> Exercise aim: All records below are to be duplicated exactly, with every picture excluded.

> Dataset items:
=== Begin Enclosure ===

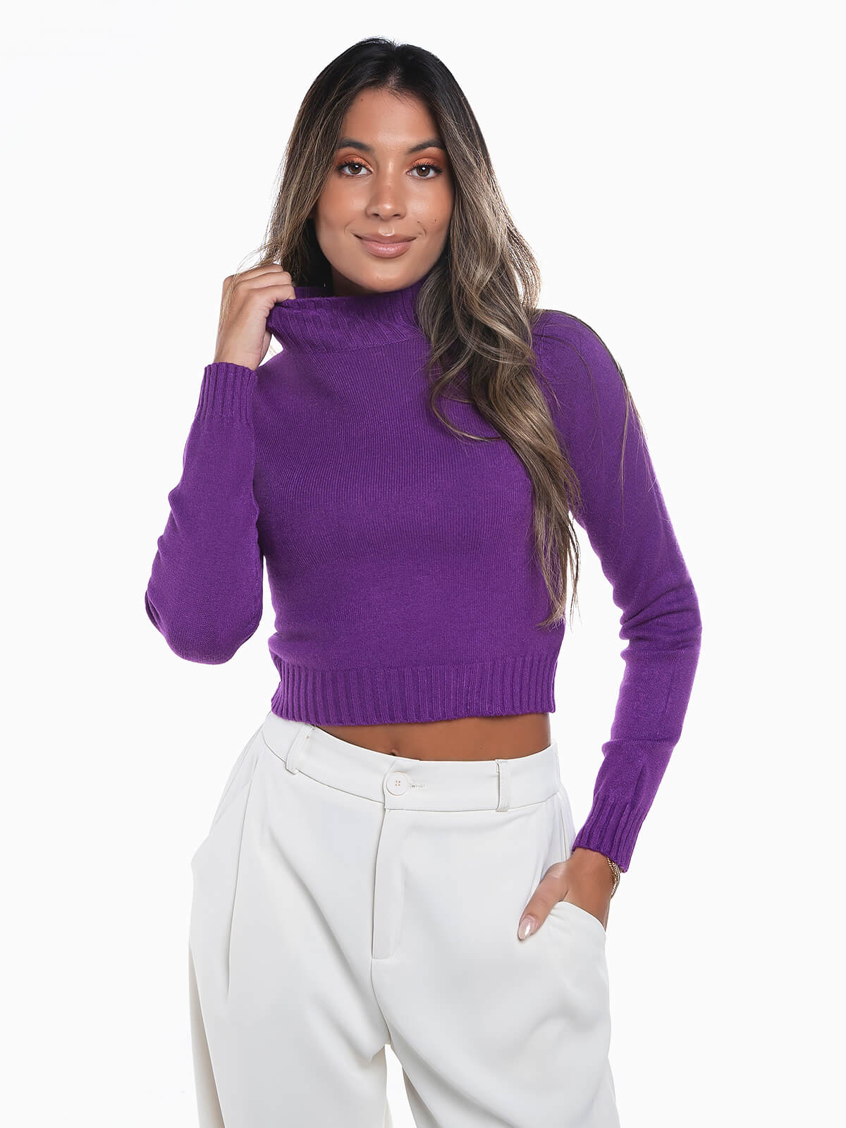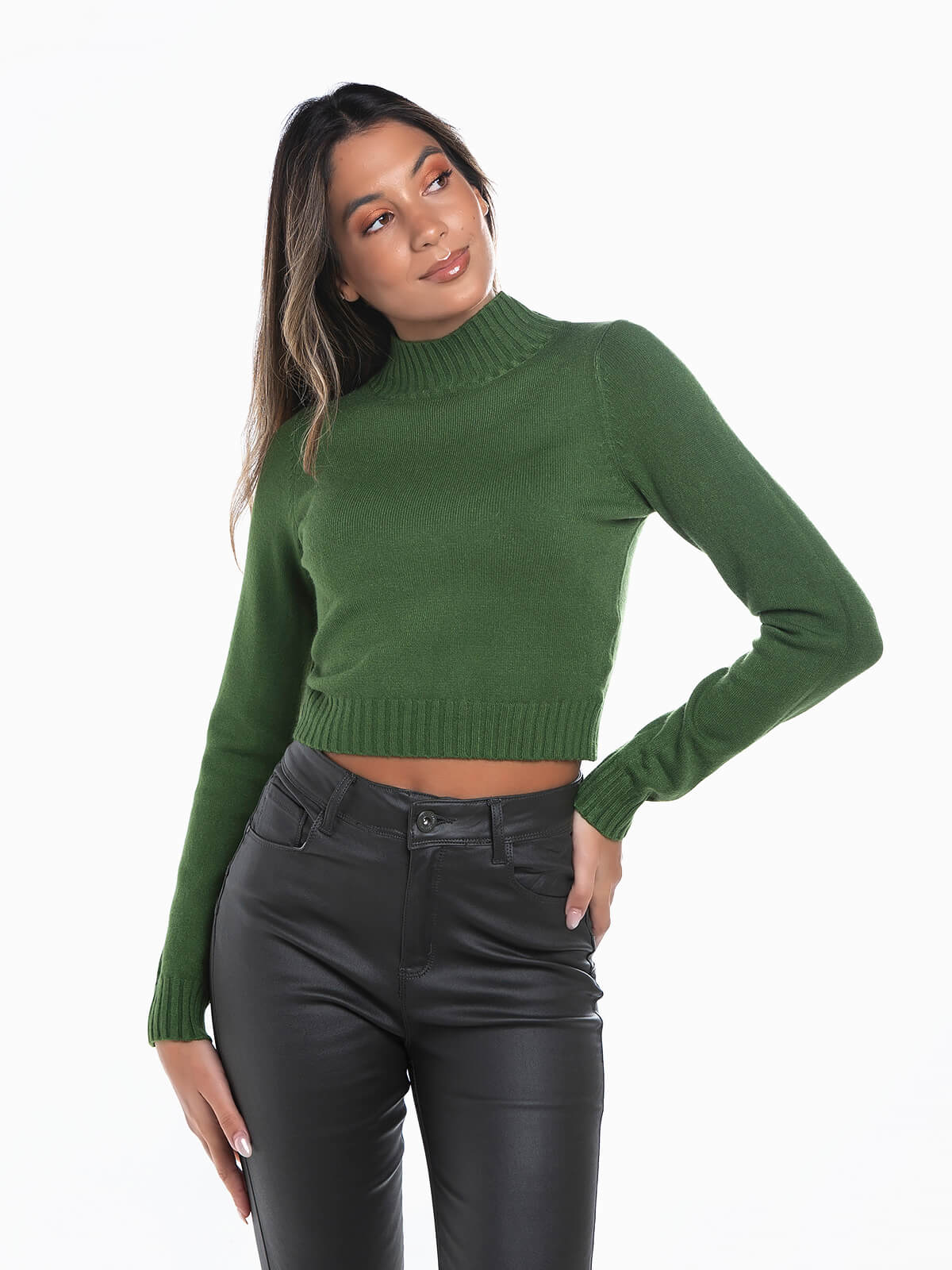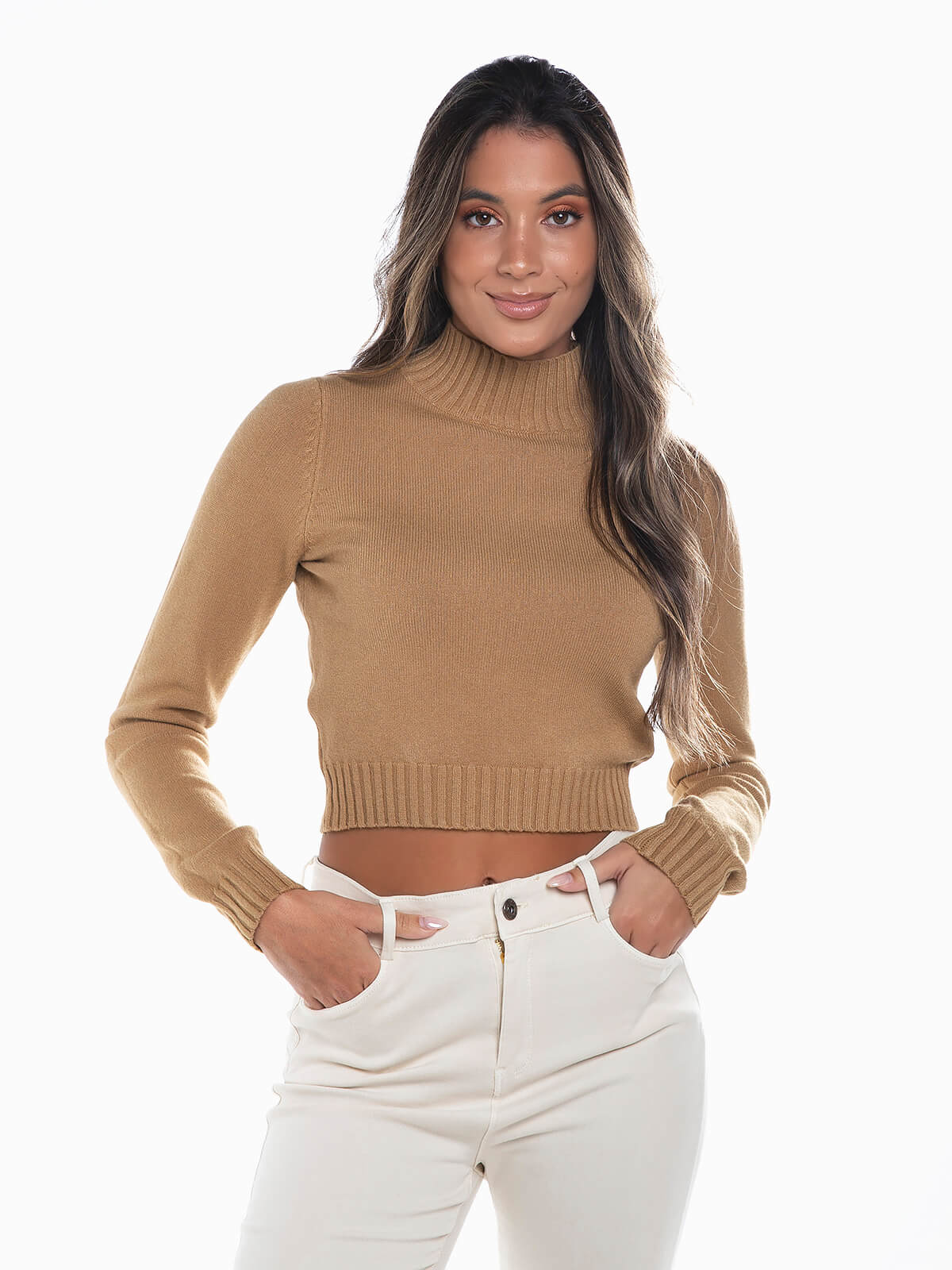 Camisola cropped em malha com mistura de viscose. Camisola de manga comprida com gola subida e acabamentos canelados.
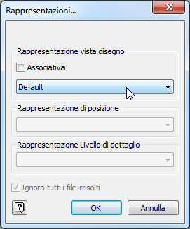 È possibile controllare l'associatività tra la vista di presentazione e la definizione della rappresentazione della vista di disegno nel file del modello.
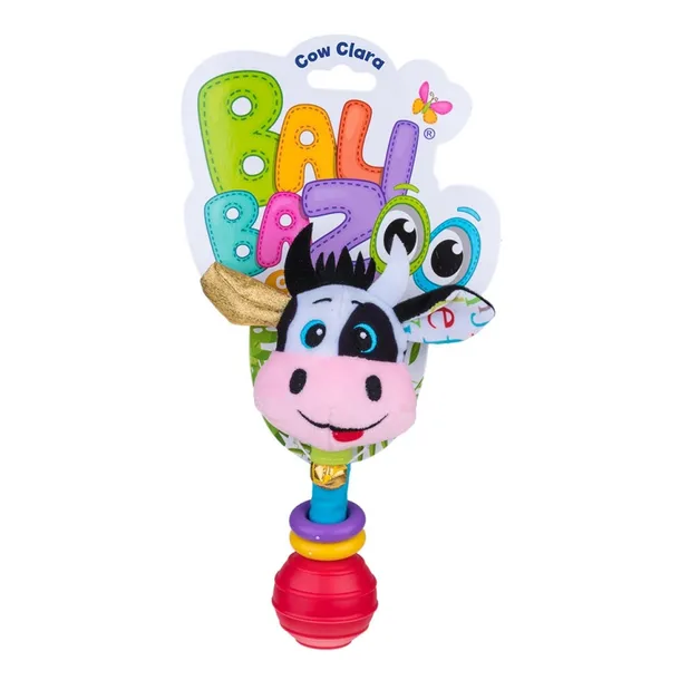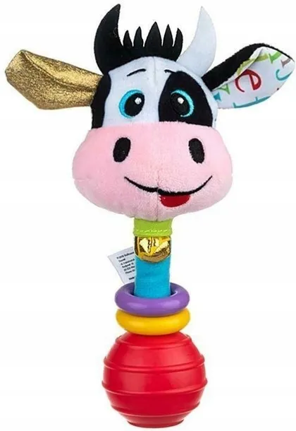 Grzechotka Krowa KlaraUrocza Clara, choć jest krówką, bardzo lubi bł złote uszko i malutki złoty dzwoneczek na szyi. Jakby tego było mało, nosi na niej też dwie kolorowe, ruchome obrę maluch potrząśnie kuleczką, na której siedzi Clara, krówka będzie bujała się na wszystkie strony radośnie grzechocząc.Zabawka przeznaczona dla dzieci od dnia narodzin.
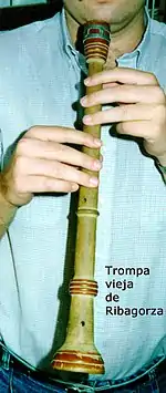 The trompa de ribagorza is a double-reeded wind instrument, revived by Mariano Pascual based oi instruments preserved in Graus, similar to those used in the 19th century by the pipers of Caserras del Castillo and other areas in Baja Ribagorza Oriental.
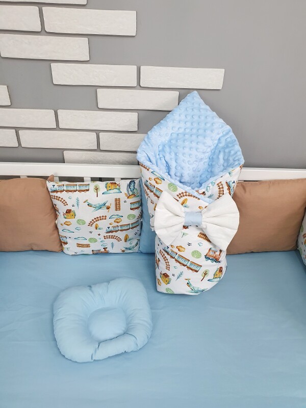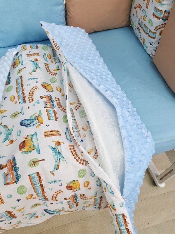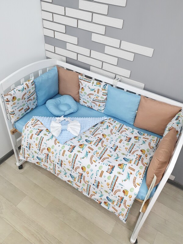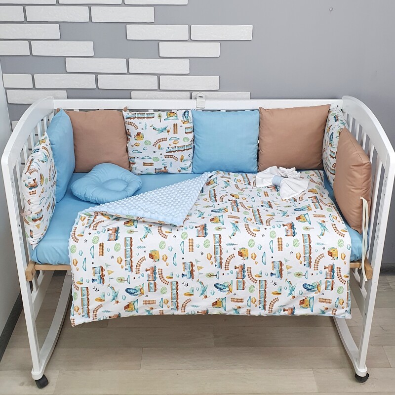 Комплект постільної білизни, в дитяче ліжечко. Блакитно-бежевий Потяги
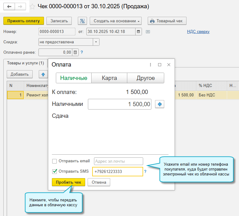 Чтобы использовать облачную кассу, подключите сервис 1С-Облачная касса. Потом выполните настройку подключения кассы в программе.
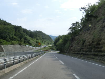 | 210.ヘアピンカーブで標高を下げる | 211.水田の間を走る快走路 | 212.幅員減少の警告 |
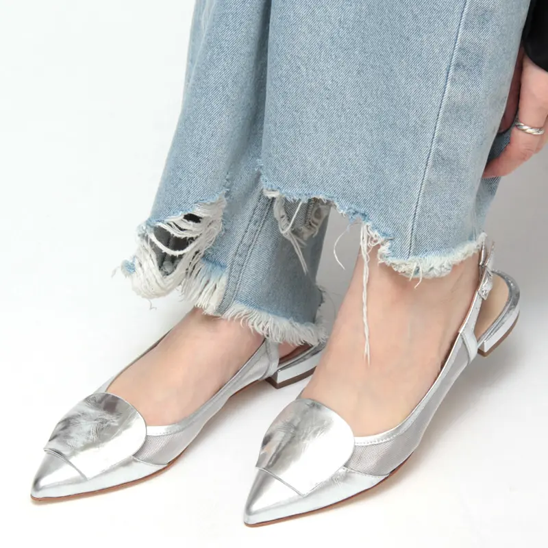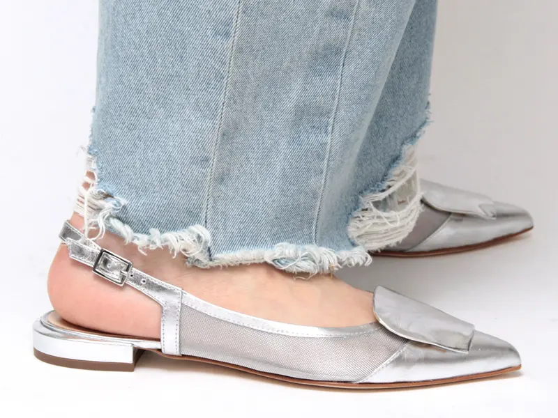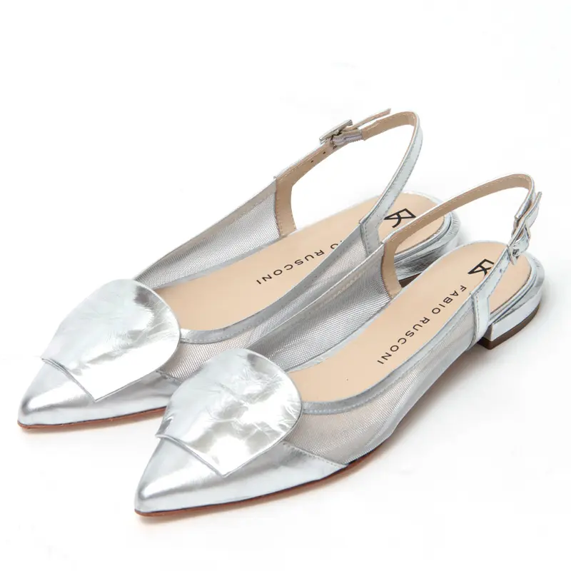 FABIO RUSCONI ファビオルスコーニ チュール バックストラップ パンプス SILVER
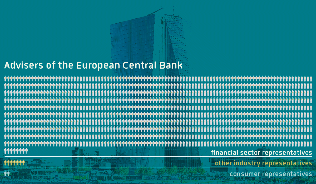 ECB advisory groups are used as lobby platforms by the financial industry, as our new report shows. 'Open door for forces of finance at the ECB' reveals that the advisory groups counselling the European Central Bank are dominated by representatives of some of the most influential global financial corporations.
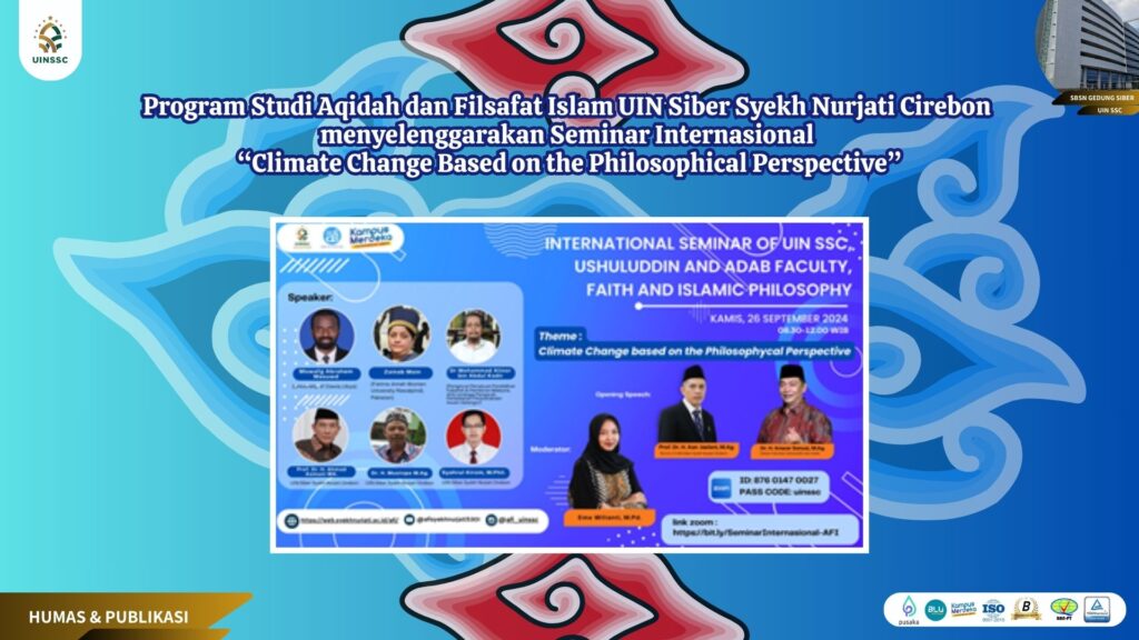 UIN Siber Cirebon – Dalam upaya meningkatkan daya saing di tingkat internasional, Program Studi Aqidah dan Filsafat Islam, Fakultas Ushuluddin dan Adab, UIN Siber Syekh Nurjati Cirebon, yang juga dikenal sebagai Cyber Islamic University (CIU), sukses menggelar Seminar Internasional bertajuk “Climate Change Based on the Philosophical Perspective.” Acara ini bertujuan untuk mengeksplorasi isu perubahan iklim dari sudut pandang filosofis dan agama, sekaligus menawarkan wawasan mendalam tentang bagaimana refleksi filosofis dapat berperan dalam upaya mitigasi dan adaptasi terhadap perubahan iklim.
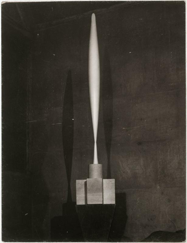 Vue de nuit de l'atelier : L'Oiseau dans l'espace, marbre blanc (1925), Ebauches
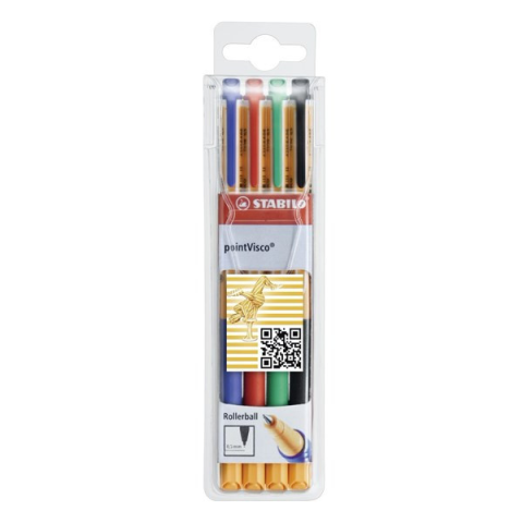 Rollertoll STABILO PointVisco 4 darabos Úttörő zselés technológiával készült, kiváló minőségű roller toll. Külsőleg a Stabilo Point 88 design-ját tükrözi. Robosztus hegy, csúszásgátló fogózóna, klipszes modell.Az ezzel a tollal készült írás nem kenődi
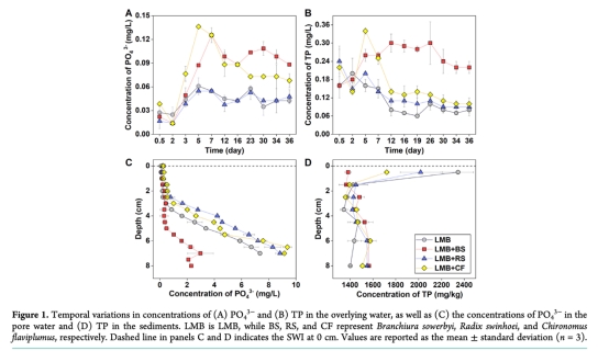 LMB效能:大型無(wú)脊椎動(dòng)物不改變LMB整體固磷量(各組TP沉積量無(wú)顯著差異),但通過垂直重分布影響局部磷循環(huán)。

=== End Enclosure ===

> Solution to this exercise:
 Camisola cropped em malha com mistura de viscose. Camisola de manga comprida com gola subida e acabamentos canelados.
 È possibile controllare l'associatività tra la vista di presentazione e la definizione della rappresentazione della vista di disegno nel file del modello.
 Grzechotka Krowa KlaraUrocza Clara, choć jest krówką, bardzo lubi bł złote uszko i malutki złoty dzwoneczek na szyi. Jakby tego było mało, nosi na niej też dwie kolorowe, ruchome obrę maluch potrząśnie kuleczką, na której siedzi Clara, krówka będzie bujała się na wszystkie strony radośnie grzechocząc.Zabawka przeznaczona dla dzieci od dnia narodzin.
 The trompa de ribagorza is a double-reeded wind instrument, revived by Mariano Pascual based oi instruments preserved in Graus, similar to those used in the 19th century by the pipers of Caserras del Castillo and other areas in Baja Ribagorza Oriental.
 Комплект постільної білизни, в дитяче ліжечко. Блакитно-бежевий Потяги
 Чтобы использовать облачную кассу, подключите сервис 1С-Облачная касса. Потом выполните настройку подключения кассы в программе.
 | 210.ヘアピンカーブで標高を下げる | 211.水田の間を走る快走路 | 212.幅員減少の警告 |
 FABIO RUSCONI ファビオルスコーニ チュール バックストラップ パンプス SILVER
 ECB advisory groups are used as lobby platforms by the financial industry, as our new report shows. 'Open door for forces of finance at the ECB' reveals that the advisory groups counselling the European Central Bank are dominated by representatives of some of the most influential global financial corporations.
 UIN Siber Cirebon – Dalam upaya meningkatkan daya saing di tingkat internasional, Program Studi Aqidah dan Filsafat Islam, Fakultas Ushuluddin dan Adab, UIN Siber Syekh Nurjati Cirebon, yang juga dikenal sebagai Cyber Islamic University (CIU), sukses menggelar Seminar Internasional bertajuk “Climate Change Based on the Philosophical Perspective.” Acara ini bertujuan untuk mengeksplorasi isu perubahan iklim dari sudut pandang filosofis dan agama, sekaligus menawarkan wawasan mendalam tentang bagaimana refleksi filosofis dapat berperan dalam upaya mitigasi dan adaptasi terhadap perubahan iklim.
 Vue de nuit de l'atelier : L'Oiseau dans l'espace, marbre blanc (1925), Ebauches
 Rollertoll STABILO PointVisco 4 darabos Úttörő zselés technológiával készült, kiváló minőségű roller toll. Külsőleg a Stabilo Point 88 design-ját tükrözi. Robosztus hegy, csúszásgátló fogózóna, klipszes modell.Az ezzel a tollal készült írás nem kenődi
 LMB效能:大型無(wú)脊椎動(dòng)物不改變LMB整體固磷量(各組TP沉積量無(wú)顯著差異),但通過垂直重分布影響局部磷循環(huán)。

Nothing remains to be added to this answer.